━━ INPUT ━━

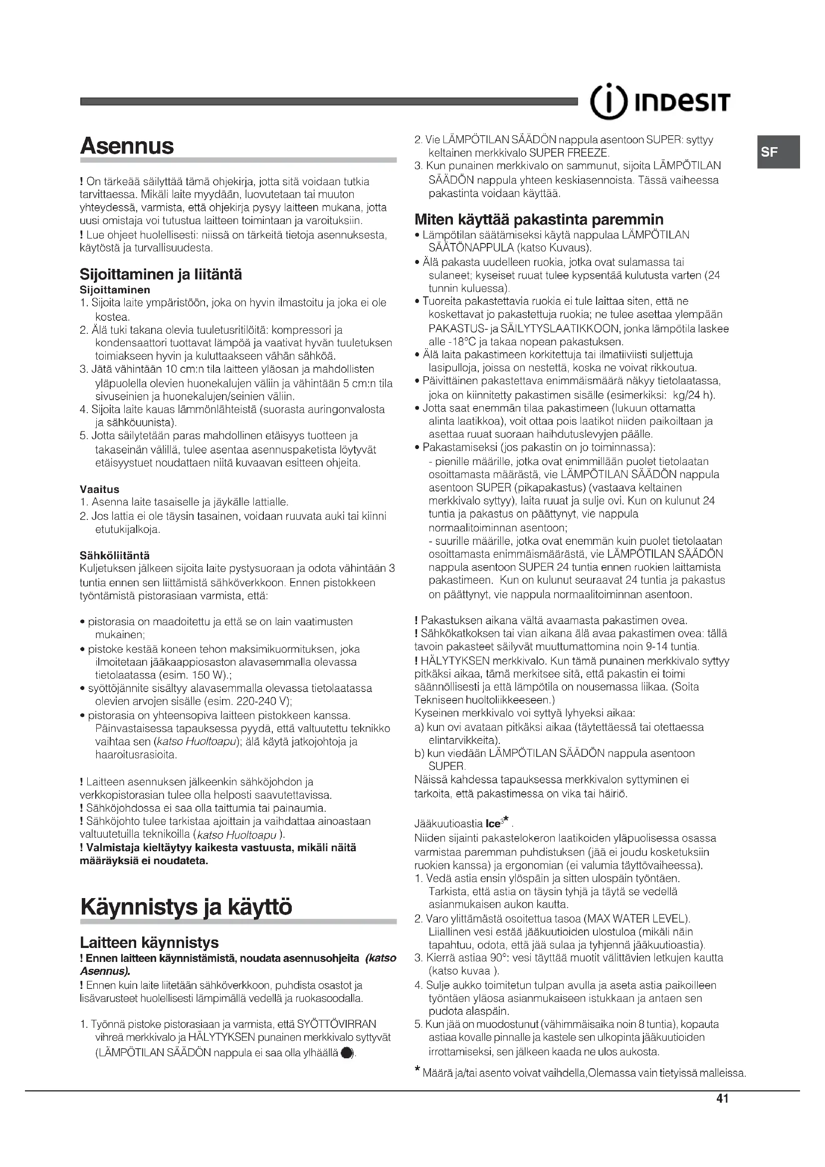 ! Valmistaja kieltäytyy kaikesta vastuusta, mikäli näitämääräyksiä ei noudateta. Käynnistys ja käyttö Laitteen käynnistys ! Ennen laitteen käynnistämistä, noudata asennusohjeita (katso Asennus). ! Ennen kuin laite liitetään sähköverkkoon, puhdista osastot jalisävarusteet huolellisesti lämpimällä vedellä ja ruokasoodalla.1. Työnnä pistoke pistorasiaan ja varmista, että SYÖTTÖVIRRANvihreä merkkivalo ja HÄLYTYKSEN punainen merkkivalo syttyvät(LÄMPÖTILAN SÄÄDÖN nappula ei saa olla ylhäällä 2. Vie LÄMPÖTILAN SÄÄDÖN nappula asentoon SUPER: syttyykeltainen merkkivalo SUPER FREEZE.3. Kun punainen merkkivalo on sammunut, sijoita LÄMPÖTILANSÄÄDÖN nappula yhteen keskiasennoista. Tässä vaiheessapakastinta voidaan käyttää. Miten käyttää pakastinta paremmin
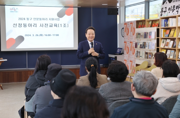 임택 동구청장은 “인문 동아리는 주민들의 자발적인 학습을 통해 인문 역량을 키우고 배움의 결과를 지역과 나누며 함께 성장하는 데 목표가 있다”면서 “앞으로도 다양한 자생적 인문 공동체들이 인문도시 동구의 주체로 나설 수 있도록 꾸준히 지원해 나가겠다”고 말했다.
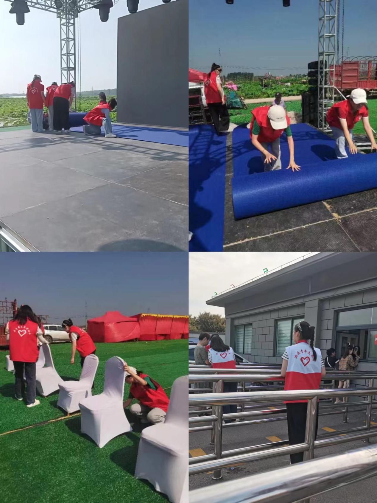 7月10日,百善镇道口村柳江口景区开展大型灯光秀泼水节活动,荷塘月色景区开展荷塘月色文化节活动,实践团队在村支部协助工作人员进行活动的票据清点核对,在活动现场做现场准备工作,布置活动舞台,观众坐席,并在活动开展时开展志愿服务,维持活动现场秩序,活动道具维护,游客购票指引等。
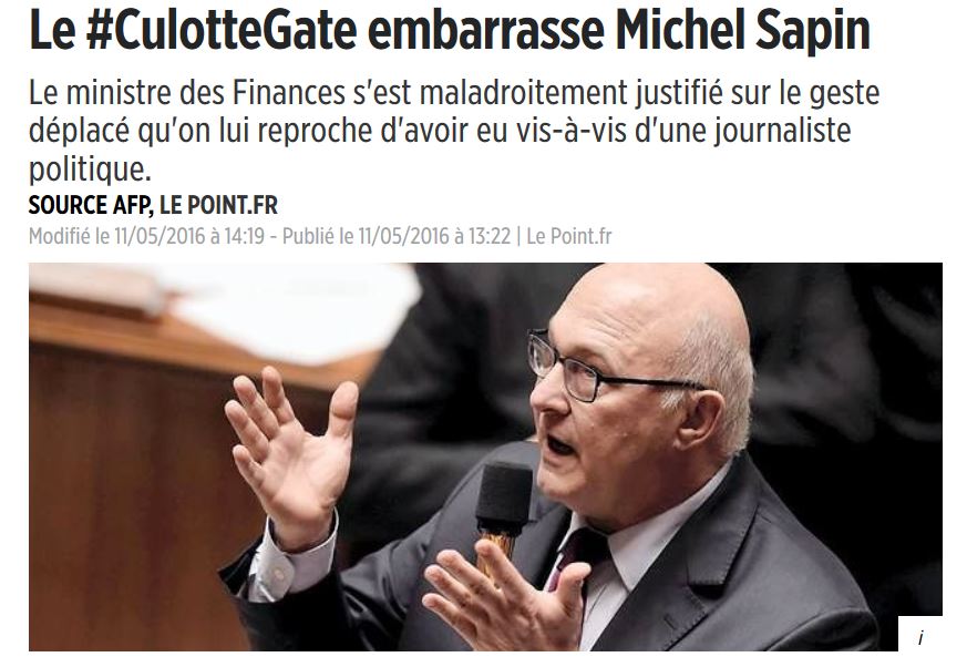Capture 2Le meilleur en ce moment, c’ est le gros Sapin. Vous savez, le pervers à tête de nœud qui est soi-disant ministre de l’économie, avec les résultats spectaculaires que l’ on connait. Le gros Sapin donc, vient de reconnaitre ce qu’ il avait d’ abord nié, et renonce à porter plainte pour diffamation. Mais il ouvre quand même sa gueule, dit qu’ il regrette, qu’ il a pas vraiment touché la culotte, mais un peu tripoté le bas du dos, que c’ est pas bien mais qu’ il s’ est excusé (pas de son initiative, d’ ailleurs: lire ICI).
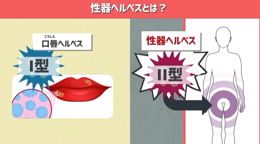 昔はⅠ型が、「口唇ヘルペス」という口の周りにできるヘルペスの原因で、Ⅱ型の方が性器ヘルペスの原因と分類が分かれていたんですが、最近ではオーラルセックスなどの性行為の多様化の影響もあり、Ⅰ型が性器に感染することも珍しくなくなってきました。
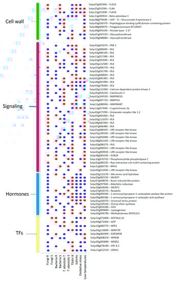 Receptors and signaling molecules play a crucial role in the capability of plants to respond adequately to specific stresses []. Our study found RLKs with divergent expression patterns during various stress. For example, Solyc06g048740 was induced by R genotypes to fungi and bacteria and repressed by R plants to TSWV. This gene was also upregulated in a tomato C. fulvum R genotype []. Moreover, Solyc07g006480 was exclusively activated by R plants to bacteria and repressed by fungi and TSWV R plants. This gene was also activated in salinity-tolerant plant roots []. Our results suggest that RLKs may play essential roles in fine-tuning the signaling process and their expression pattern can promote specific defense responses against different stressors. The Solyc04g014400, a Pseudomonas-responsive RLP gene [], also showed a common downregulation in all R genotypes, as well as Solyc11g056680 that was induced by potato cyst nematode (PCN) in tomato roots [], and could be involved in response to multiple pathogens.
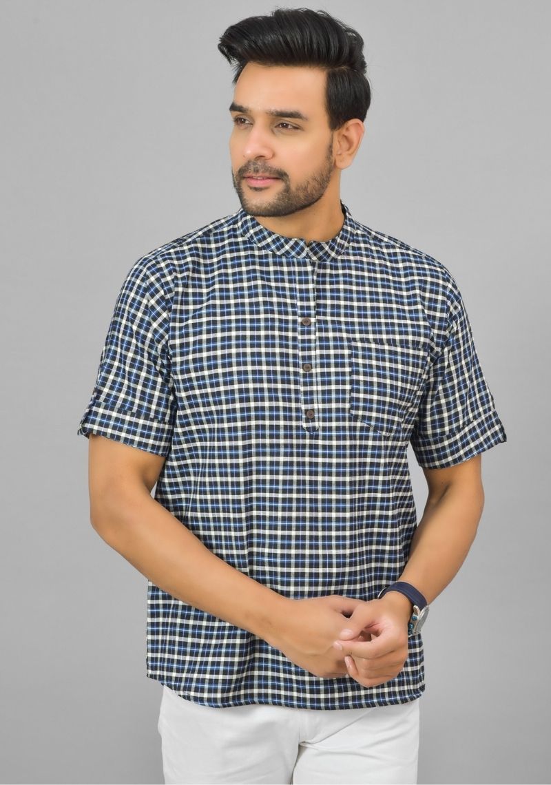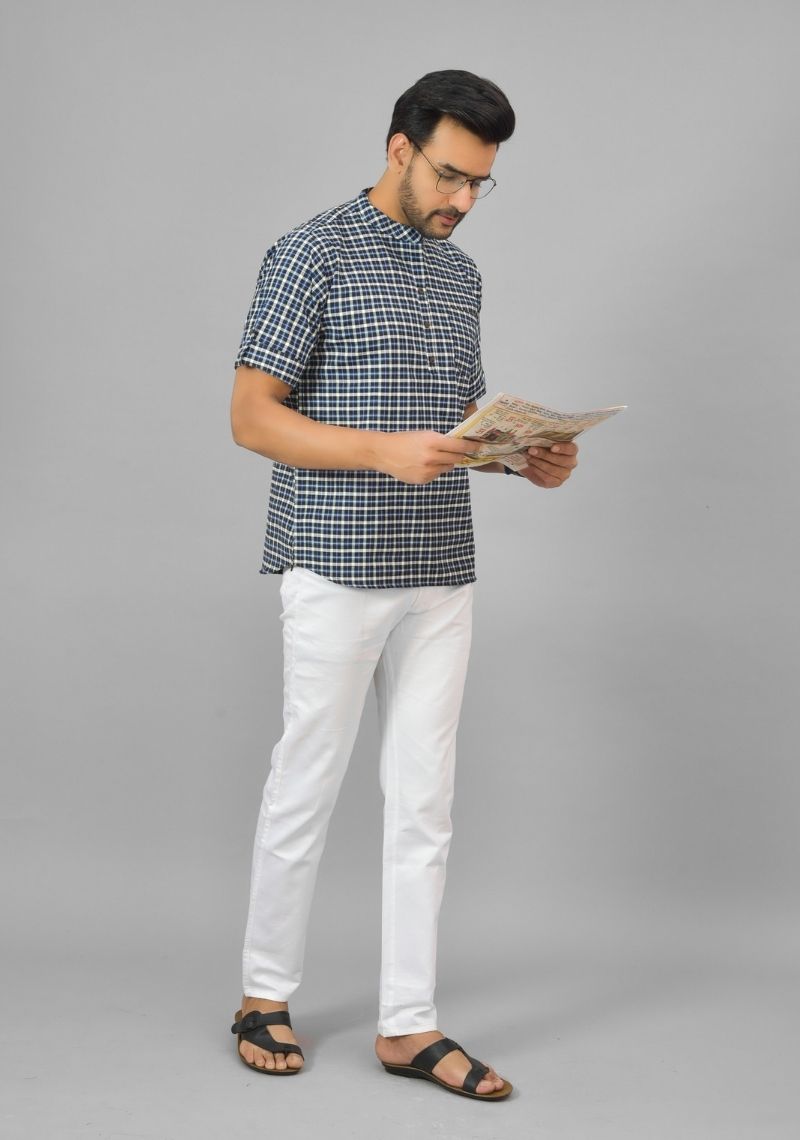 Inform when this item available BLUE WHITE CHECKS COTTON HANDLOOM CORD SET-25291

━━━

* **WHAT YOU WILL DO**
The answer must be an exact restatement of all the records, with no pictures included.

* **WRITTEN RESPONSE**
 ! Valmistaja kieltäytyy kaikesta vastuusta, mikäli näitämääräyksiä ei noudateta. Käynnistys ja käyttö Laitteen käynnistys ! Ennen laitteen käynnistämistä, noudata asennusohjeita (katso Asennus). ! Ennen kuin laite liitetään sähköverkkoon, puhdista osastot jalisävarusteet huolellisesti lämpimällä vedellä ja ruokasoodalla.1. Työnnä pistoke pistorasiaan ja varmista, että SYÖTTÖVIRRANvihreä merkkivalo ja HÄLYTYKSEN punainen merkkivalo syttyvät(LÄMPÖTILAN SÄÄDÖN nappula ei saa olla ylhäällä 2. Vie LÄMPÖTILAN SÄÄDÖN nappula asentoon SUPER: syttyykeltainen merkkivalo SUPER FREEZE.3. Kun punainen merkkivalo on sammunut, sijoita LÄMPÖTILANSÄÄDÖN nappula yhteen keskiasennoista. Tässä vaiheessapakastinta voidaan käyttää. Miten käyttää pakastinta paremmin
 임택 동구청장은 “인문 동아리는 주민들의 자발적인 학습을 통해 인문 역량을 키우고 배움의 결과를 지역과 나누며 함께 성장하는 데 목표가 있다”면서 “앞으로도 다양한 자생적 인문 공동체들이 인문도시 동구의 주체로 나설 수 있도록 꾸준히 지원해 나가겠다”고 말했다.
 7月10日,百善镇道口村柳江口景区开展大型灯光秀泼水节活动,荷塘月色景区开展荷塘月色文化节活动,实践团队在村支部协助工作人员进行活动的票据清点核对,在活动现场做现场准备工作,布置活动舞台,观众坐席,并在活动开展时开展志愿服务,维持活动现场秩序,活动道具维护,游客购票指引等。
Capture 2Le meilleur en ce moment, c’ est le gros Sapin. Vous savez, le pervers à tête de nœud qui est soi-disant ministre de l’économie, avec les résultats spectaculaires que l’ on connait. Le gros Sapin donc, vient de reconnaitre ce qu’ il avait d’ abord nié, et renonce à porter plainte pour diffamation. Mais il ouvre quand même sa gueule, dit qu’ il regrette, qu’ il a pas vraiment touché la culotte, mais un peu tripoté le bas du dos, que c’ est pas bien mais qu’ il s’ est excusé (pas de son initiative, d’ ailleurs: lire ICI).
 昔はⅠ型が、「口唇ヘルペス」という口の周りにできるヘルペスの原因で、Ⅱ型の方が性器ヘルペスの原因と分類が分かれていたんですが、最近ではオーラルセックスなどの性行為の多様化の影響もあり、Ⅰ型が性器に感染することも珍しくなくなってきました。
 Receptors and signaling molecules play a crucial role in the capability of plants to respond adequately to specific stresses []. Our study found RLKs with divergent expression patterns during various stress. For example, Solyc06g048740 was induced by R genotypes to fungi and bacteria and repressed by R plants to TSWV. This gene was also upregulated in a tomato C. fulvum R genotype []. Moreover, Solyc07g006480 was exclusively activated by R plants to bacteria and repressed by fungi and TSWV R plants. This gene was also activated in salinity-tolerant plant roots []. Our results suggest that RLKs may play essential roles in fine-tuning the signaling process and their expression pattern can promote specific defense responses against different stressors. The Solyc04g014400, a Pseudomonas-responsive RLP gene [], also showed a common downregulation in all R genotypes, as well as Solyc11g056680 that was induced by potato cyst nematode (PCN) in tomato roots [], and could be involved in response to multiple pathogens.
 Inform when this item available BLUE WHITE CHECKS COTTON HANDLOOM CORD SET-25291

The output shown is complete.